Her story sounds fantastical. Running eighteen miles on a broken leg stretches the limits of believability. Even her orthopedic surgeon remarked as much. But what might be more unbelievable is that this story is not uncommon. In fact, that same day, at the same distance into the race, another runner, Steven Quayle, broke his foot. He kept running, through pain so bad that, during the final ten miles, he had to make four or five stops for medical assistance. But he, too, finished the race.
There is no central registry of such incidents, but it happens a lot. A quick Google search turns up many other stories of distance runners around the world suffering horrifying injuries and finishing their race.
These stories are so hard for us to swallow because I think everyone shares the intuition that it you were going to break your leg at the beginning of a marathon, you wouldn’t start in the first place. Dealing with pain and discomfort are expected in distance running, but I think we all agree that if we snapped our fibula at mile eight, we would stop.
Likewise, if we received equally clear signs we were in a losing situation in a job, or a relationship, or an investment, we would quit and do something else.
On the other hand, I’m guessing that part of you has admiration for those distance runners sticking it out. We look at these types of stories and think, “I wish I had that kind of grit.”
While grit can be an admirable quality, it isn’t always an unqualified virtue. Apart from the pain these runners were in, they were risking permanent physical damage, or at least making their condition sufficiently worse that it could cost them opportunities to run again.
This is the issue with grit. It can get you to stick to hard things that are worthwhile, but it can also get you to stick to hard things that are no longer worthwhile – like after your fibula snaps at mile eight. Throughout our lives, it turns out we are not very good listeners when the world tells us that we should stop.

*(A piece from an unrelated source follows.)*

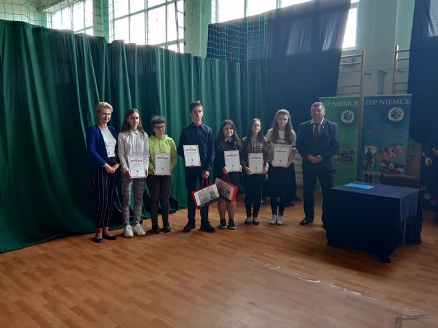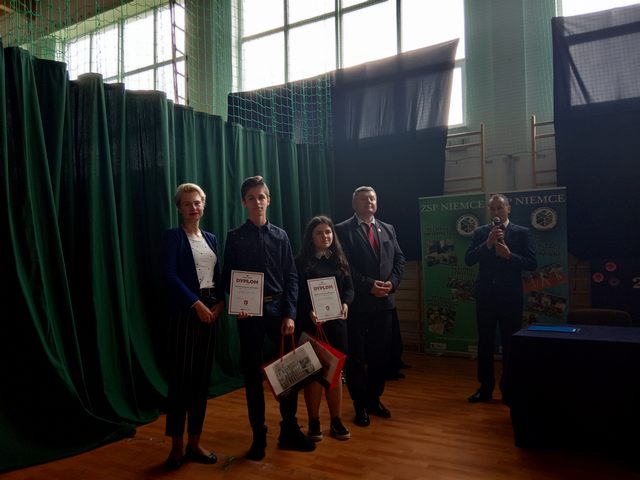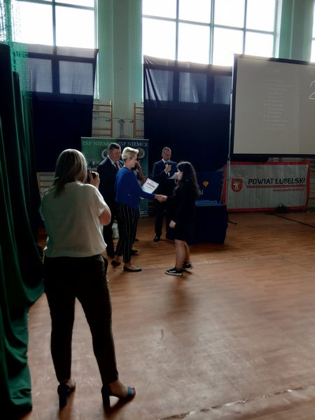Z okazji dwudziestolecia powstania Powiatu Lubelskiego, 29 maja 2019 roku odbył się w Zespole Szkół Ponadgimnazjalnych w Niemcach interaktywny turniej wiedzy o Powiecie Lubelskim. Naszą szkołę reprezentowali Klaudia Ponikiewska i Kacper Szewczyk z klasy VIII. Konkurs składał się z 21 interaktywnych pytań dotyczących historii powiatu, jego zabytków, atrakcji turystycznych i tradycji regionalnych. Nasi uczniowie pokonali 21 zespołów z innych szkół powiatu zdobywając pierwsze miejsce. Wykazali się ogromną wiedzą, umiejętnościami i refleksem, zwyciężając z wielką przewagą na pozostałymi ekipami. KLAUDIO, KACPRZE, GRATULUJEMY!!!

There are a host of reasons why we ignore obvious signals to quit, not the least of which is that quitting has a nearly universal negative connotation. If someone called you a quitter, would you ever consider it a compliment?
We view grit and quitting as opposing forces and, in the battle between the two, grit has clearly won. “Quitters never win, and winners never quit.” “If at first you don’t succeed, try, try again.” Or even what we all learn as children by reading The Little Engine That Could: “I think I can. I think I can. I think I can.” The popular aphorisms boil down to grit as a virtue and quitting as a vice.
This is even reflected in the way the English language itself favors grit. If you’re gritty, you’re steadfast, determined, resolute, or unwavering. You might even be considered heroic or courageous. Meanwhile, quitting means failing, capitulating, or giving up. Quitters are losers. Quitting shows a lack of character.
It’s high time we rehabilitated quitting. Quittiness is at least as important a decision skill to develop as grittiness, because quitting gives us the ability to act as new information reveals itself. The world changes. Our state of knowledge changes. We change.
Imagine if the first thing you ever did, you had to stick to. It would be almost impossible to start anything because you wouldn’t have the option to stop it. It’s the option to quit later that allows you to make the decision to go on a first date, even though you don’t know how it’s going to turn out. It’s the option to quit that allows you to take a job even though you don’t know if it’ll be the right fit. It’s quitting that allows you to start a marathon, even though you might injure yourself in the middle.
We are able to make up our minds amid constant uncertainty because, once we learn any of these things aren’t right for us, we have the option to quit. That’s why, if I had to skill somebody up to get them to be a better decision-maker, quitting is the primary skill I would choose, because the ability to walk away is what allows you to react to the changing landscape.
The problem is that, too often, we persist too long. In fact, when we get bad news, we frequently do the opposite of what our intuition tells us that we would do. Instead of quitting, we double down, escalating our commitment, further entrapping ourselves in a losing cause. We see it everywhere: People staying too long in bad relationships, bad jobs, and bad careers; businesses continuing development and support of products that are clearly failing or long after conditions have changed; a nation sticking for decades in an unwinnable war.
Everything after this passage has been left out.